No horário habitual, quando o céu resplandecia em um azul tímido, o movimento nas ruas de Willinghill já havia iniciado. Pelos becos e ruelas ainda marcados pelo incêndio, os moradores transitavam lentamente em um misto de esperança e desolação. Por todos lados se viam os resultados da imensa tragédia que levara boa parte da cidade às cinzas, e mesmo após a reconstrução parcial dos locais afetados, o clima de tristeza ainda se sobressaía ao de recomeço.

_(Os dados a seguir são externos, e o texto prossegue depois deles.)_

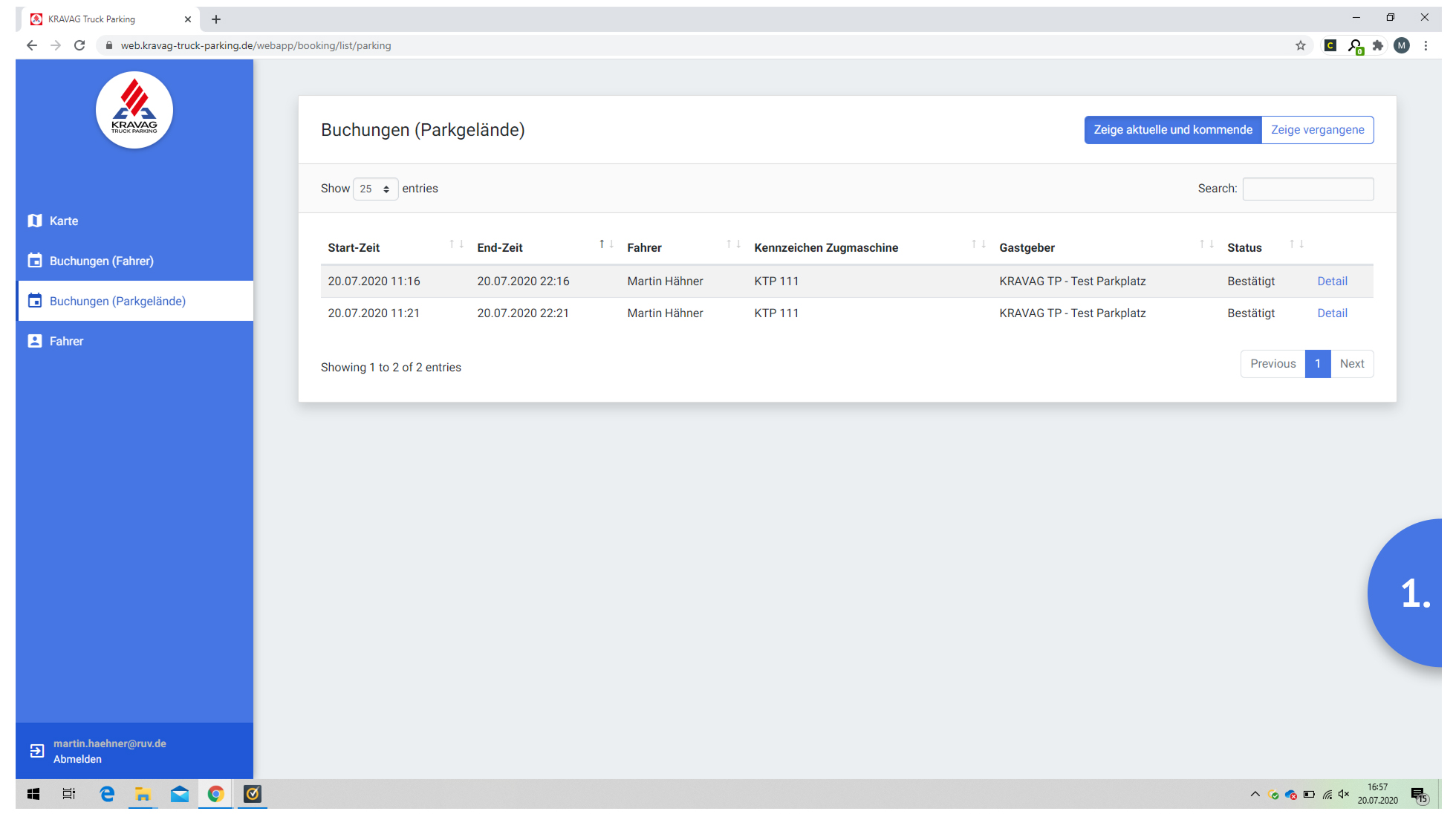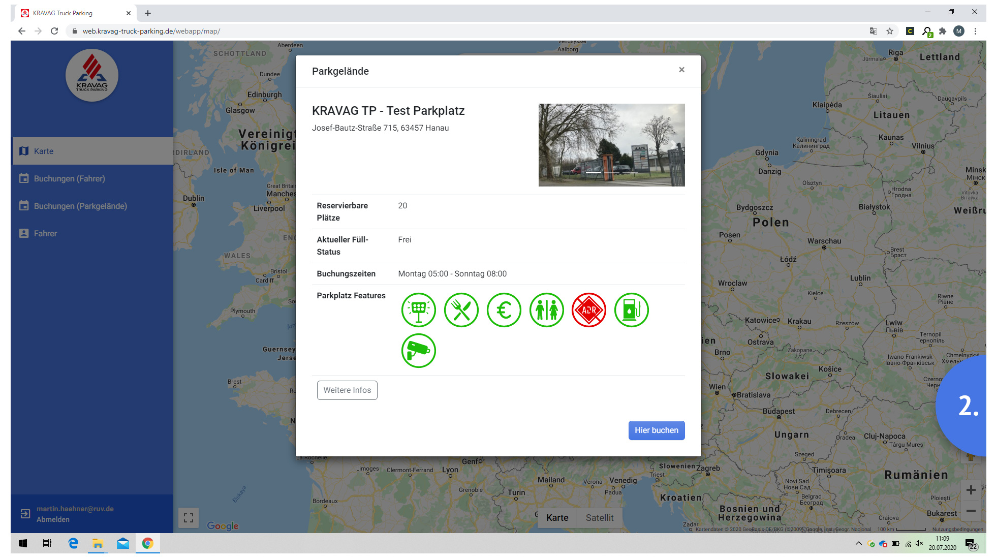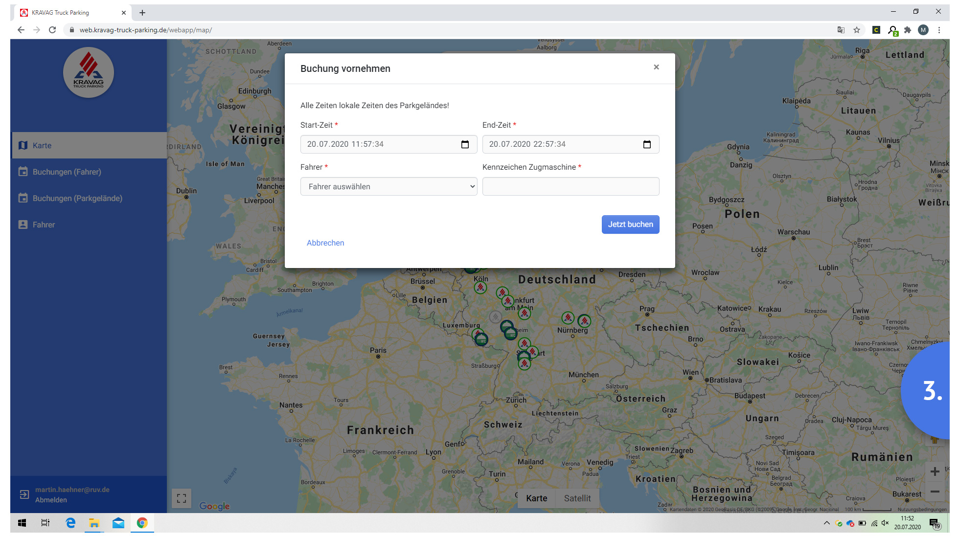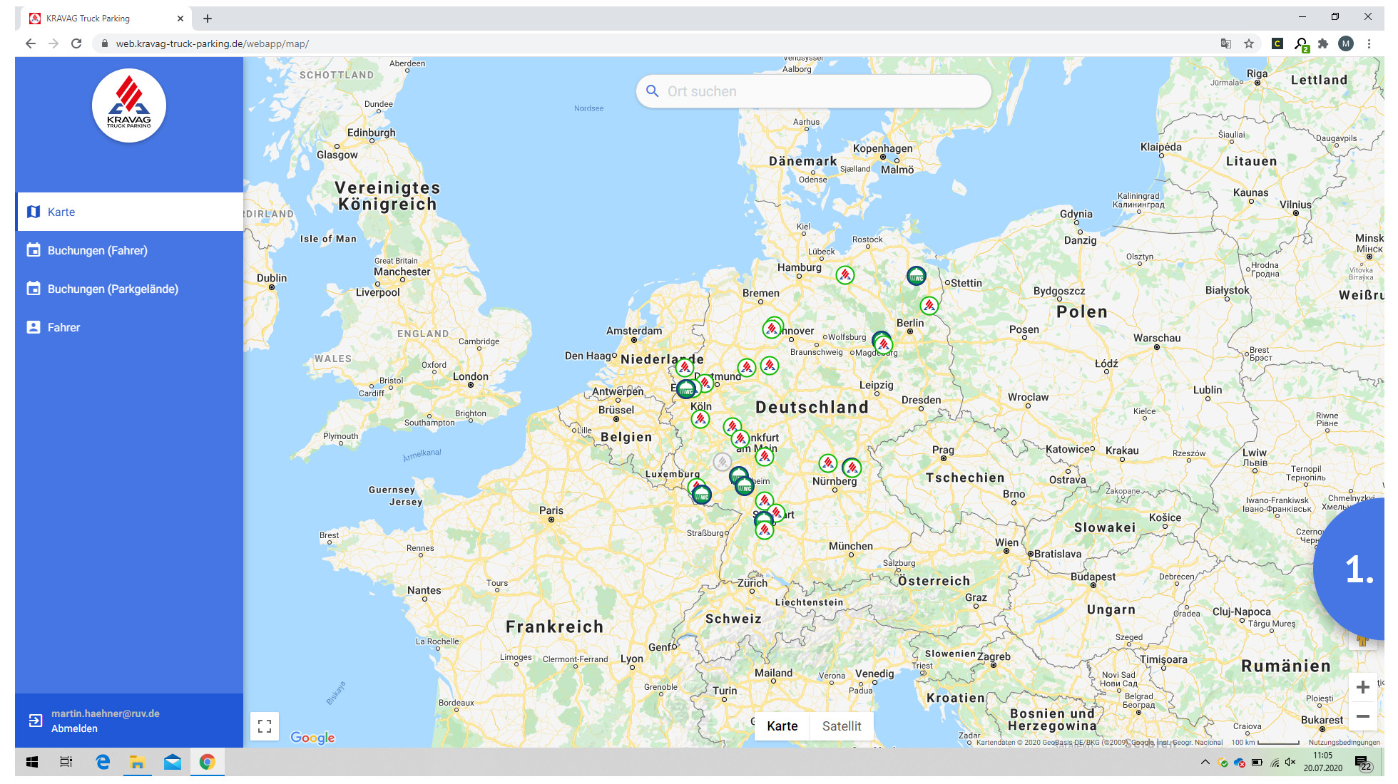 Die Web App erreichen Sie unter https://web.kravag-truck-parking.de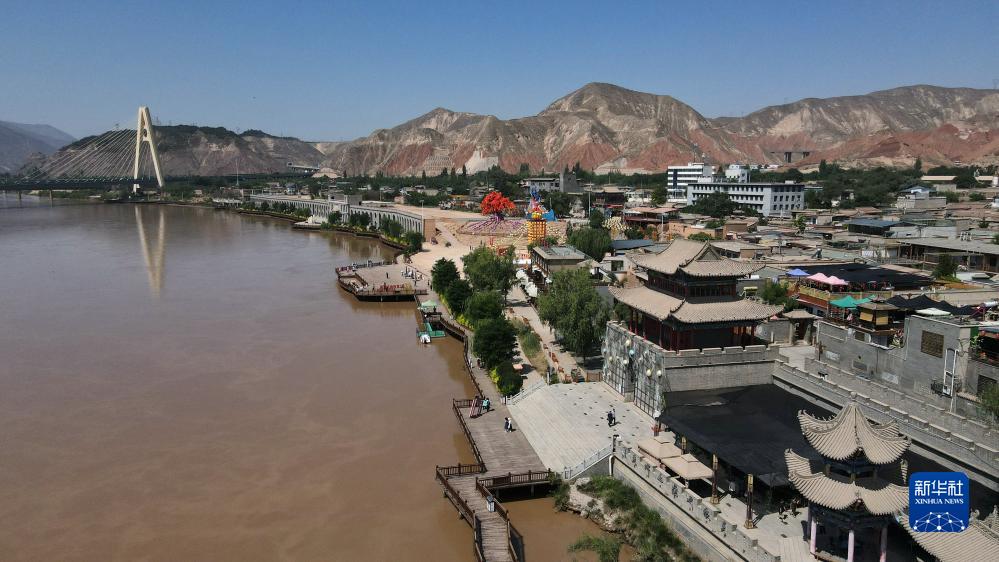 這是位于甘肅省蘭州市西固區黃河北岸的河口古鎮。河口古鎮歷史悠久、文化底蘊深厚,現留存商賈碼頭、戰略要塞、交通樞紐等遺跡(7月9日攝,無人機照片)。

A feira matinal já havia começado – com uma considerável diminuição no número de barracas e quiosques –, e o vozerio se espalhava discretamente pelos ares enquanto as donas de casa examinavam os vegetais, pães e carnes que levariam para o preparo das refeições do dia. Foi graças a esta distração que poucas pessoas atentaram-se para uma carroça que atravessava o largo da praça principal, puxada por um cavalo de pelos escuros e crina muito bem cuidada. Na guia, uma mulher de pouco mais de trinta anos segurava as rédeas e transitava cuidadosamente por entre os transeuntes, disparando olhares para todos os lados como se não acreditasse no que via. As paredes ainda escuras deixaram seu coração apertado, sensação reforçada tão logo ela relembrou-se da breve visita que fizera alguns meses antes àquele pequenino e pitoresco lugar.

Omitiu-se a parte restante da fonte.